TASK PROMPT: In this exercise, the entries below include pictures. Repeat exactly the lines from the line with "Strong confident lines" to the line with "A late 18th", including both, but without the pictures.

DATA FOR THIS TASK:
--------------------

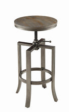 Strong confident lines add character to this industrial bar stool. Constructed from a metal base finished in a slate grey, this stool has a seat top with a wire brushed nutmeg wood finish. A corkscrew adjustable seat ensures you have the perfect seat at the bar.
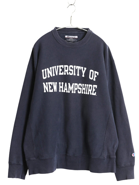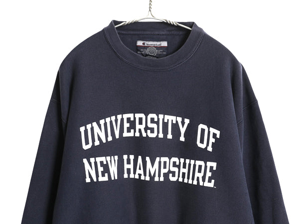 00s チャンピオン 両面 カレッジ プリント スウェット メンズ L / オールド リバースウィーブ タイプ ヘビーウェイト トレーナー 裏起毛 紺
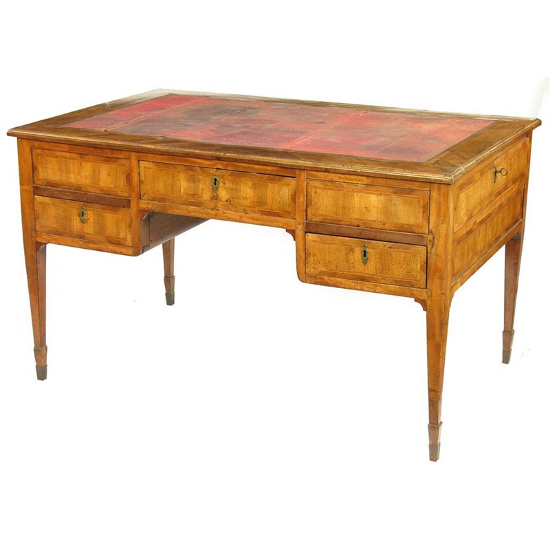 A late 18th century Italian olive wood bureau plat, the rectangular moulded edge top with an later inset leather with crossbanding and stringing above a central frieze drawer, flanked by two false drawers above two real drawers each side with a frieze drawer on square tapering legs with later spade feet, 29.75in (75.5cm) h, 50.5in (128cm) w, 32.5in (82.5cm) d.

--------------------

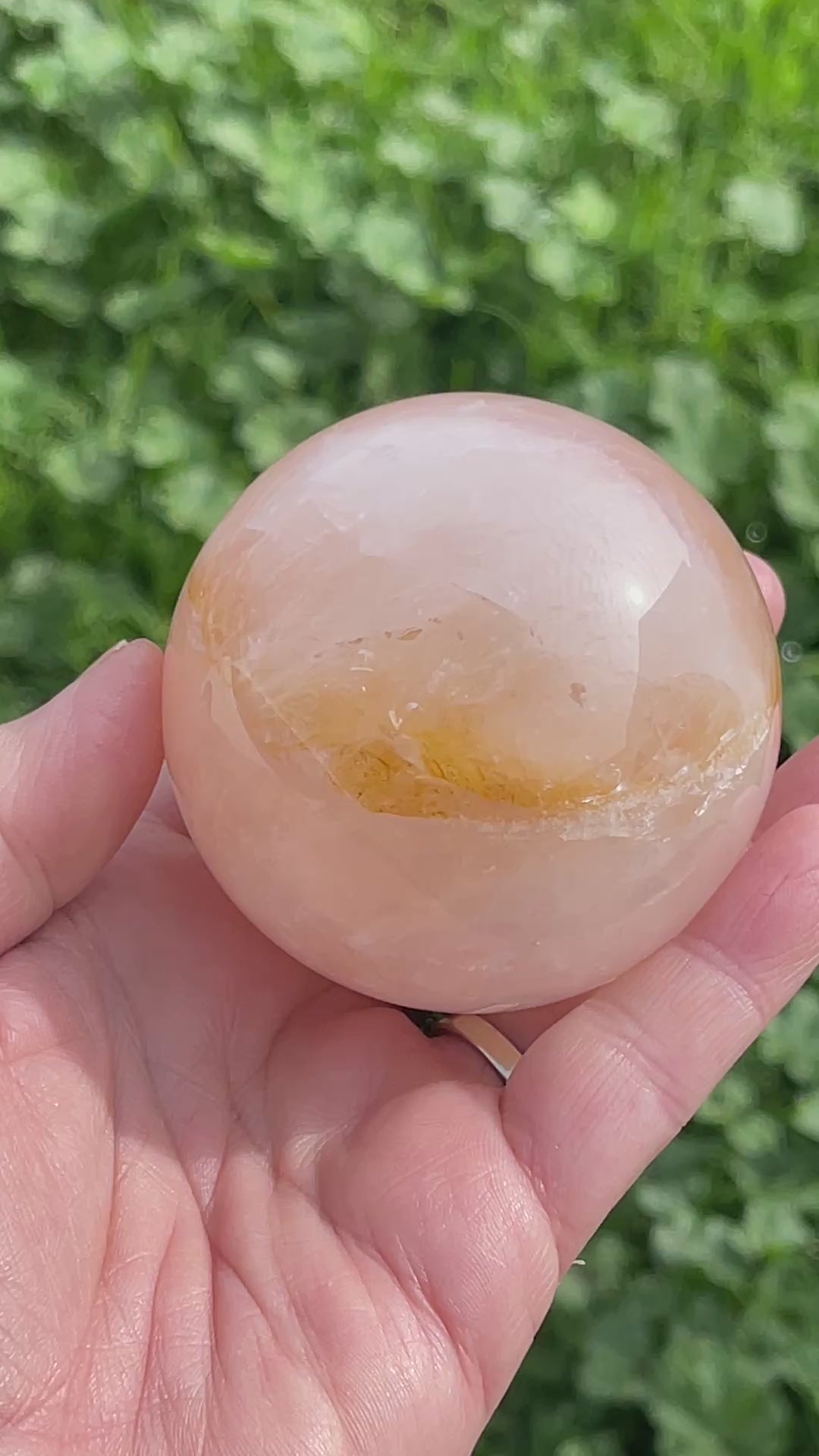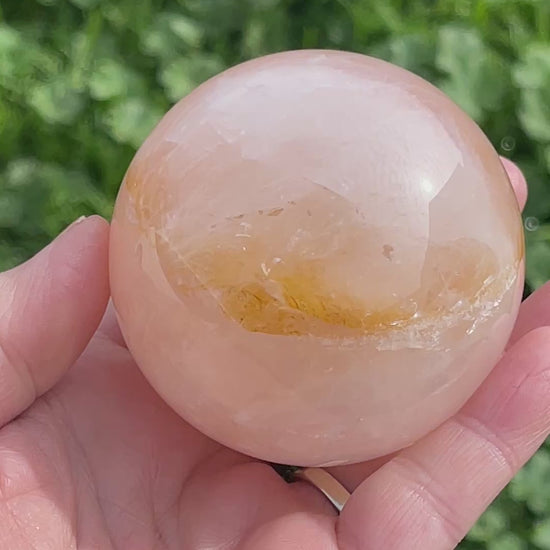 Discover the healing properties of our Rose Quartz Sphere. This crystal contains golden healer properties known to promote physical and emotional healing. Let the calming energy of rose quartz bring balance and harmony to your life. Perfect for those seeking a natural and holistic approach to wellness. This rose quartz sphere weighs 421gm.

--------------------

OUTPUT OF THE EXERCISE:
 Strong confident lines add character to this industrial bar stool. Constructed from a metal base finished in a slate grey, this stool has a seat top with a wire brushed nutmeg wood finish. A corkscrew adjustable seat ensures you have the perfect seat at the bar.
 00s チャンピオン 両面 カレッジ プリント スウェット メンズ L / オールド リバースウィーブ タイプ ヘビーウェイト トレーナー 裏起毛 紺
 A late 18th century Italian olive wood bureau plat, the rectangular moulded edge top with an later inset leather with crossbanding and stringing above a central frieze drawer, flanked by two false drawers above two real drawers each side with a frieze drawer on square tapering legs with later spade feet, 29.75in (75.5cm) h, 50.5in (128cm) w, 32.5in (82.5cm) d.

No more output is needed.